Moreover, undoubtedly a new house built in 2023 is quite a bit different (e.g., more energy efficient) than a new home built in either 1929 or 1938, which could account for a bit of price increase in itself. Who knows, even with the dollar being worth less in 1938 than it was in 1929, maybe housing technology increased that much in a decade to indeed allow for a new home to cost USD 2,000 more in just a decade. And then again, it's hard to know what people mean by a "new house" ... even just comparing two houses that we only know have the same number of bedrooms doesn't tell us anything else as to whether we are truly comparing apples to apples. For example the most obvious thing to affect the cost is location. A house overlooking the ocean in a place where everyone wants to live will cost more than the same house sited 50 miles from anything in a place no one wants to live like North Dakota ... at least so long as capitalism is what determines the cost of and access to and types of housing available, as well as whether housing is treated just as housing, or as the beatiful clusterf*ck of an "investment" vehicle.
No doubt greed is still driving up prices of everything beyond what inflation would, and with each passing decade we seem to move closer back to the Gilded Age robber barons running amok without regulation (thanks Republicans!).
In particular, housing does not seem like something which should be completely allocated via capitalism at all.
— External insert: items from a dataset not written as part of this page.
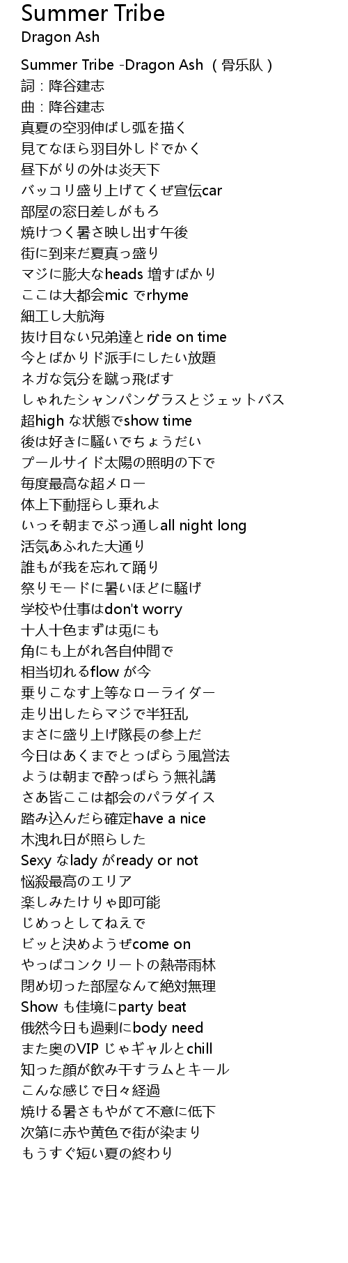 | [00:00.00] | Summer Tribe -Dragon Ash (骨乐队) |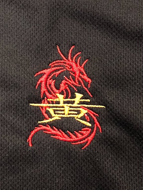 The image features a detailed embroidery of a dragon in red and yellow on a black fabric background. This design showcases the intricate craftsmanship typical of JC Apparel Inc.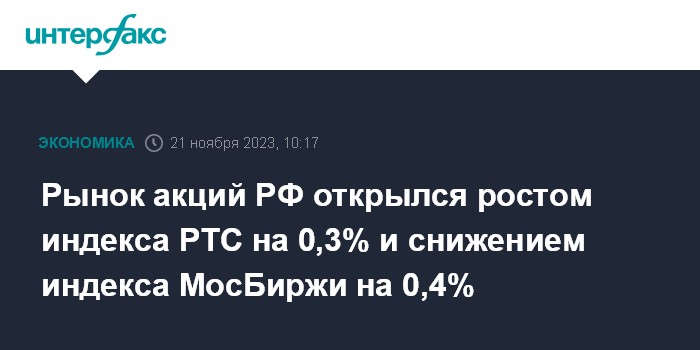 Рынок акций РФ открылся ростом индекса РТС на 0,3% и снижением индекса МосБиржи на 0,4%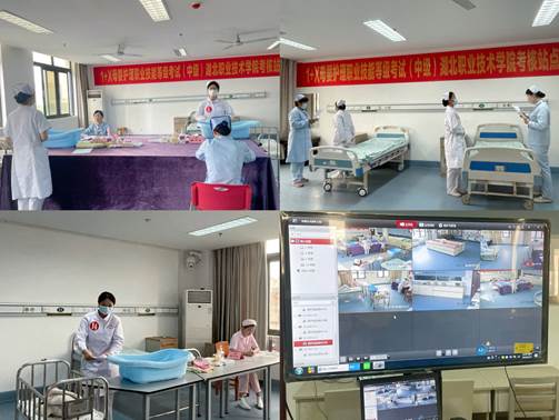 护理学院高度重视“1+X”证书项目建设工作,在动员学生报名、筛选、组织培训、考务工作等环节均做了周密细致的安排。培训评价组织安排督导员、武汉外语外事职业学院教务处夏泽天老师在考试现场全程督导。考评员严格按照评分标准进行考评,考务员及志愿者同学密切配合,报考学生认真准备、全力应考,最终全部顺利通过理论考试与实操考核。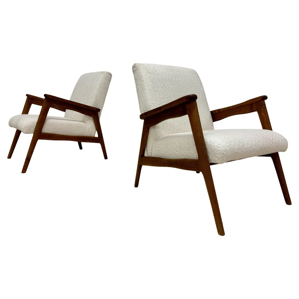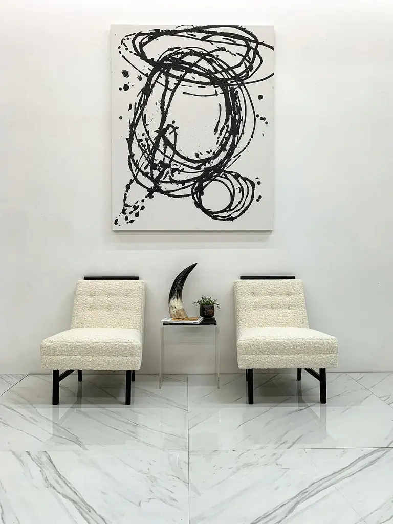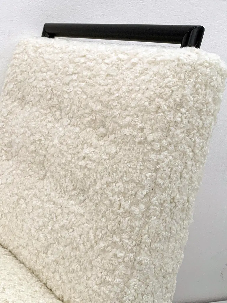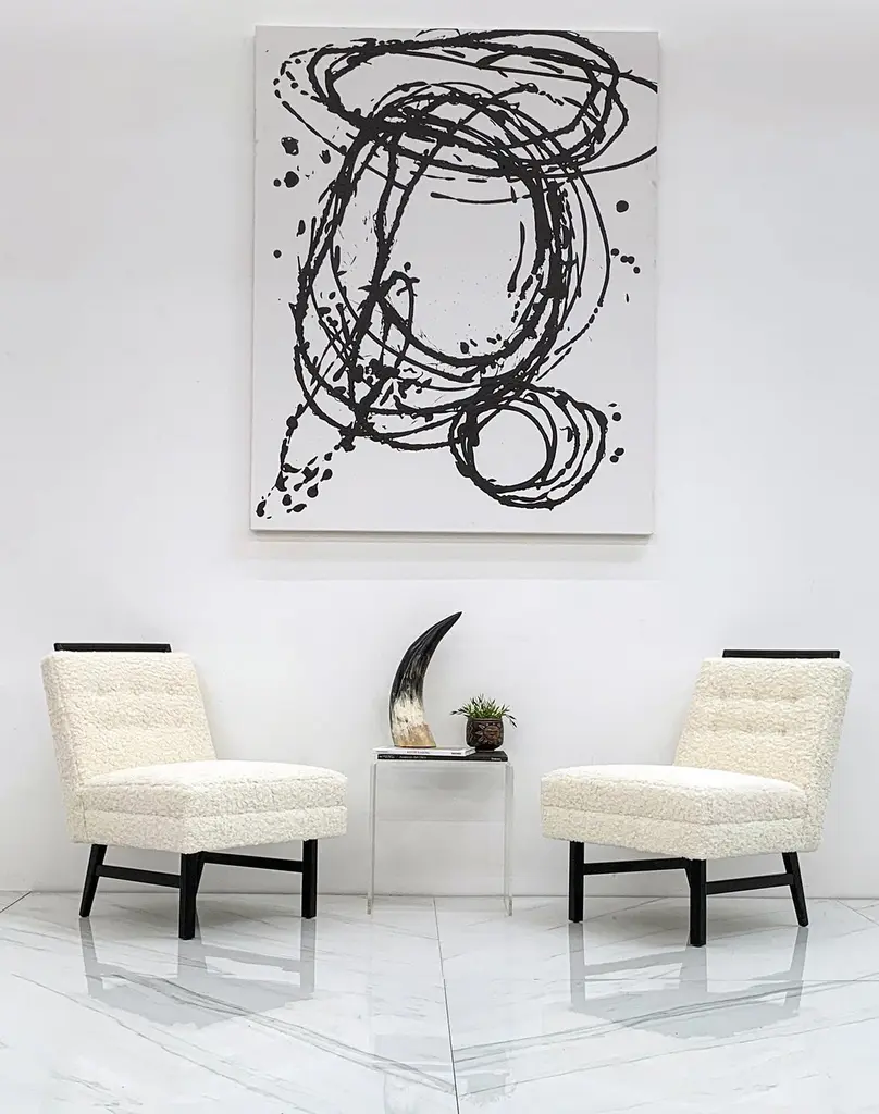 These chairs are simply stunning. These vintage slipper lounge chairs were designed in the 1950s in these style of Harvey Probber. These lounges have been ebonized and upholstered in a heavy off-white / bone bouclé that is incredibly soft to the touch. These are chairs you'll want to sit in and lounge for hours-- equally as comfortable as they are beautiful.Priced per chairThe shape of these chairs is recognizably Mid-Century Modern; timeless angular body that effortlessly blends into any contemporary, modern, traditional or even Hollywood Regency environment. The chairs can be styled up, or styled down and would look equally as fashionable in a Tommy Bahama beach house style environment as they would in a Danish modern home.We currently have them styled in the gallery alongside a Karl Springer coffee table and a Vladimir Kagan serpentine sofa and not only do they hold their own, they make a subtle, elegant statement without completely stealing the show. Absolutely gorgeous chairs that would look great, stand alone, or as a set perhaps both fireside with some occasional tables and design magazines.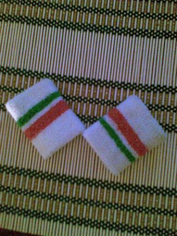 Du balti antriešiukai su raudonom ir žaliom drūžėm.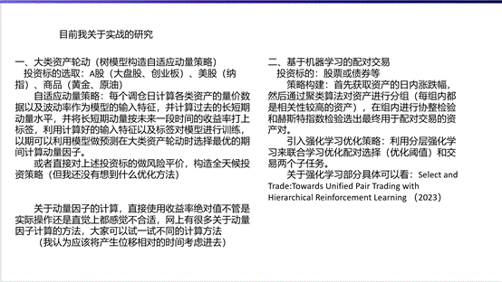 张晋玮同学以《基于CEEMD-CNN-LSTM的股票指数集成预测模型》为主题进行分享, 文章利用CEEMD对沪深300收盘点数进行了分解,得到了7IMF分量和1个残余分量,后续通过游程判定法对IMF进行了合并。张晋玮同学分享过程中最大的特点是加入了非常多的个人关于量化研究的观点思考,结合了自己的实习经历,分享了关于自适应动量策略、基于机器学习的配对交易以及机器选股方面的研究进程。苏老师对张晋玮同学分享中的巧思给予了充分肯定,并对其之后关于机器学习方面的研究提出了相关建议。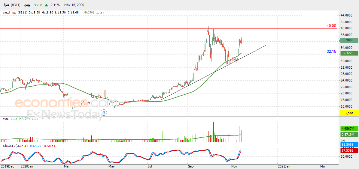 لهذا نحن نتوقع المزيد من الارتفاع للسهم خلال تداولاته القادمة، طيلة ثبات الدعم 32.15، ليستهدف مستوى المقاومة المحوري 40.00.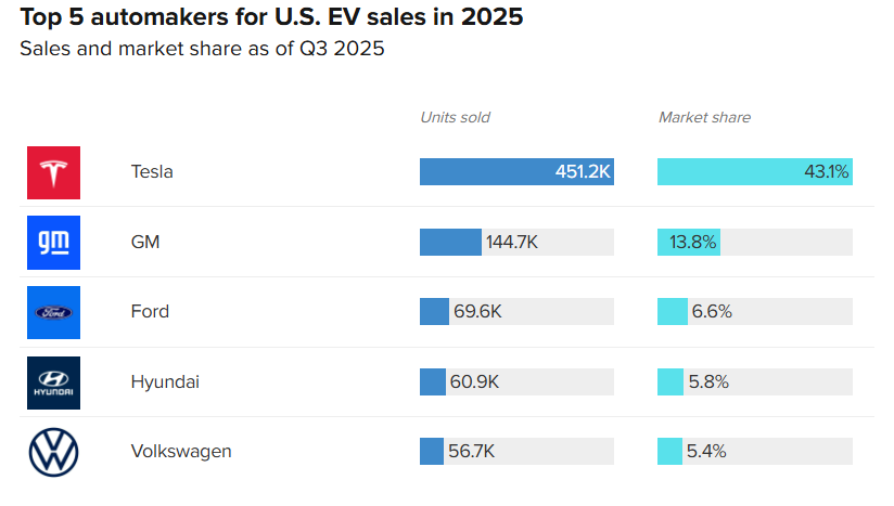 Лідер індустрії електромобілів США Tesla, за оцінками, зберегла свою лідерську позицію з часткою ринку 43,1% до вересня. Це менше, ніж 49% на кінець минулого року, оскільки конкуренти продовжують випускати нові електромобілі.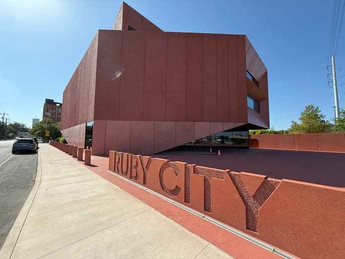 Ruby City is a contemporary art museum, housed in an angular, boxy structure that feels full of movement. It’s the legacy of Linda Pace, herself an artist, collector, and philanthropist who was the daughter of the founders of Pace Foods, commonly known for Pace Picante Sauce. The museum includes the main building, a sculpture garden, and Chris Park (named after Pace’s son), with meandering paths, art, and another smaller building, the Studio, with temporary exhibitions.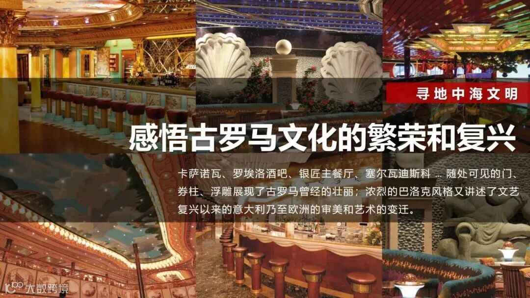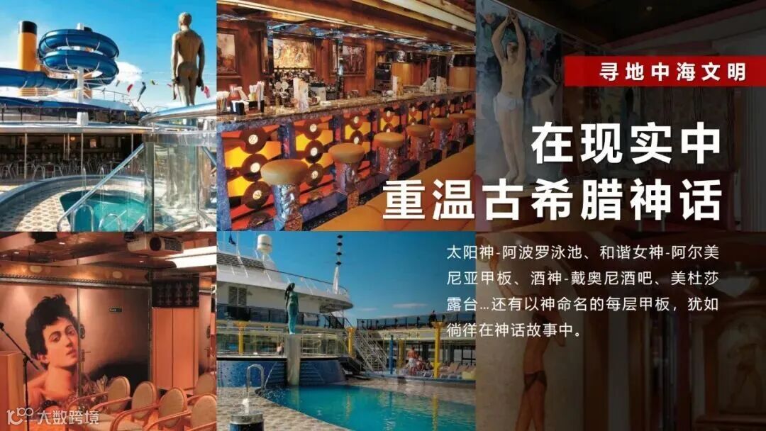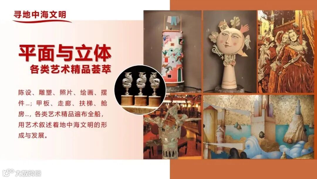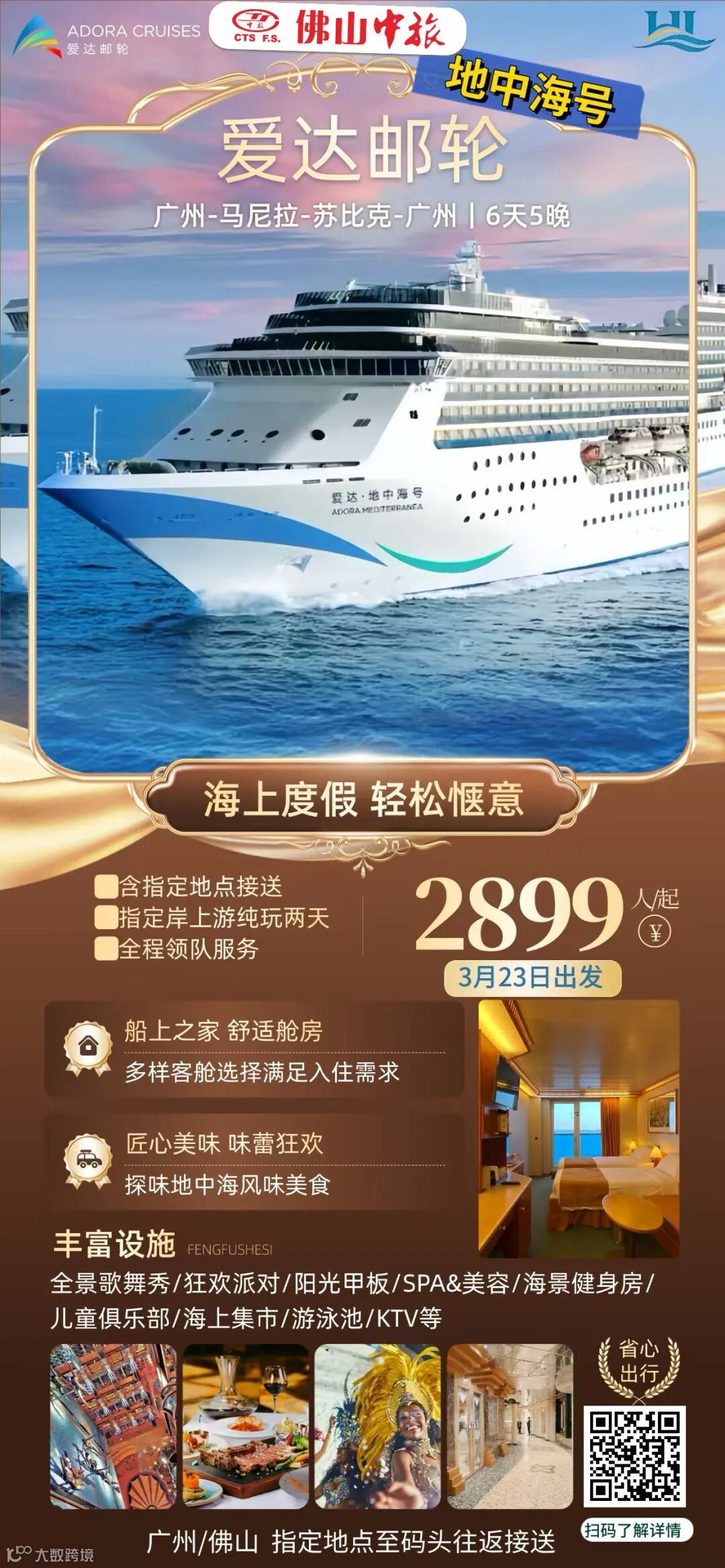 爱达·地中海号(Adora Mediterranea)是由中船嘉年华2021年购入,由旗下爱达邮轮团队负责全面运营的精神级邮轮。邮轮全长293米,总吨位8.6万吨,可容纳2680名乘客,拥有1057间豪华客房和套房,全船设计以地中海文明为灵感源泉,随处可见的油画、雕塑和浮雕装饰以及建筑风格,创新性地融合了中西文化元素,被称为“艺术之船”。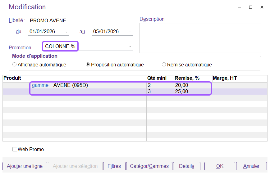 - Colonne % et € : pour les promotions sur un produit déclencheur avec possibilité de remises en cascade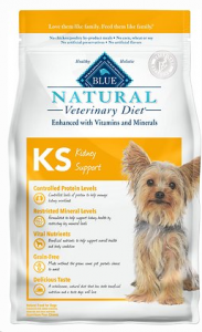 The Blue Buffalo Natural Veterinary Diet Kidney Support Grain-Free Dry Dog Food is vet recommended.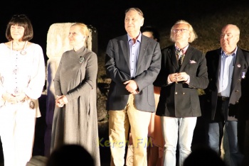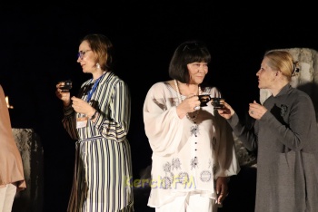 Три музы Арина Новосельская, Елена Аксенова, Светлана Учайкина, и Василий Лановой совершили обряд посвящения вином, объединив в едином сосуде три вида крымского вина и напоив им землю Пританея и гостей.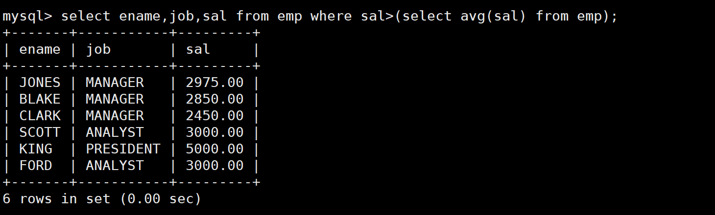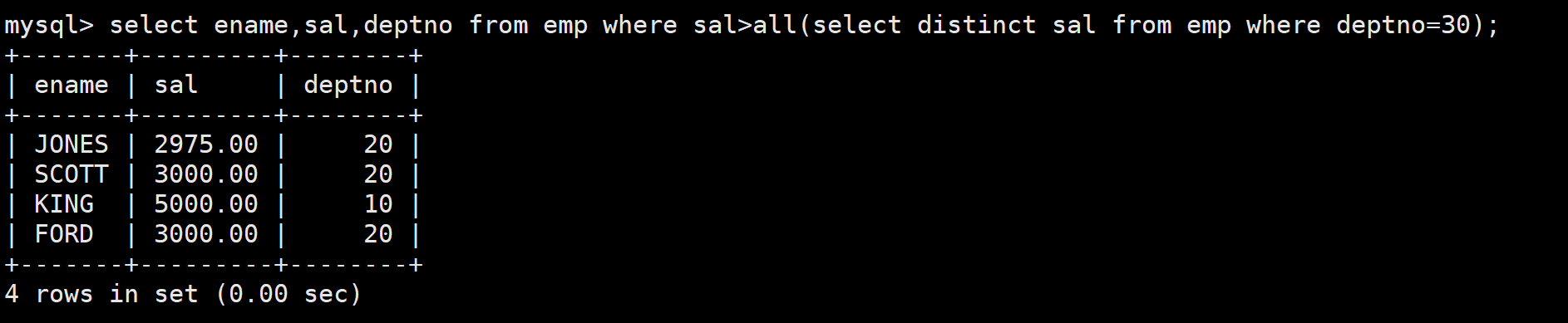 - 多列子查询返回的如果是多行数据,在筛选数据时也可以使用in、all和any关键字。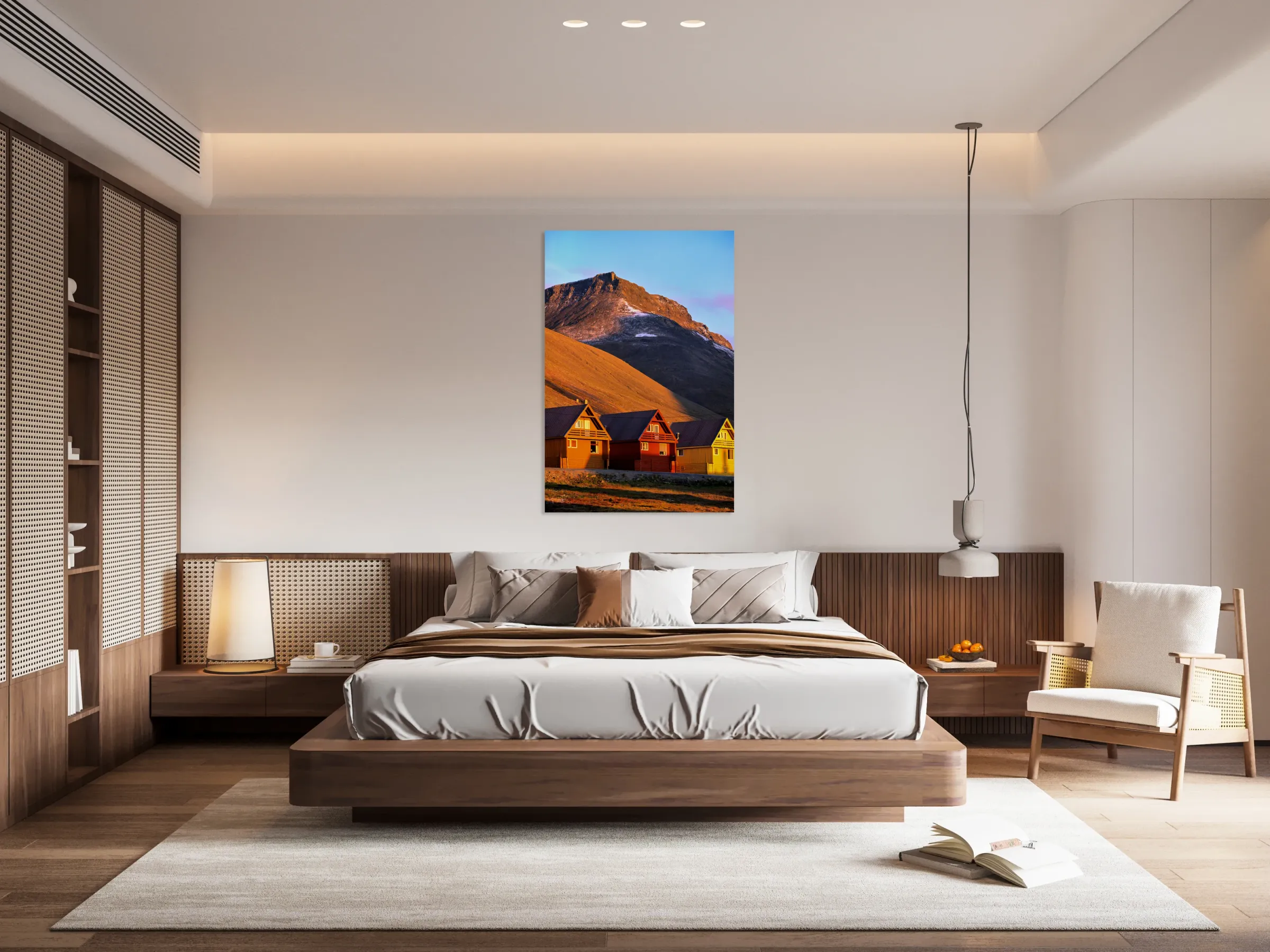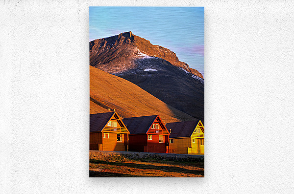 ABOUT THIS ARTWORK: COLORFUL HOUSES UNDER A MOUNTAIN IN LONGYEARBYEN SVALBARD

As far as who gets to live with an ocean view and who does not, something like a lottery might replace market pricing of properties in different locations ... assuming it's even a good idea at all for people to still have access to single-family detached homes on a lot larger than the building, which wastes a lot of land and leads to environmentally-unfriendly things like installing and mowing lawns, and seems to encourage buying lots of crap no one even needs (when's the last time you saw anyone's garage actually being used as a garage, to protect a car from the elements and keep it looking new and keeping its resale value up, rather than being used as a storage unit while the car remains perpetually outside on the driveway?)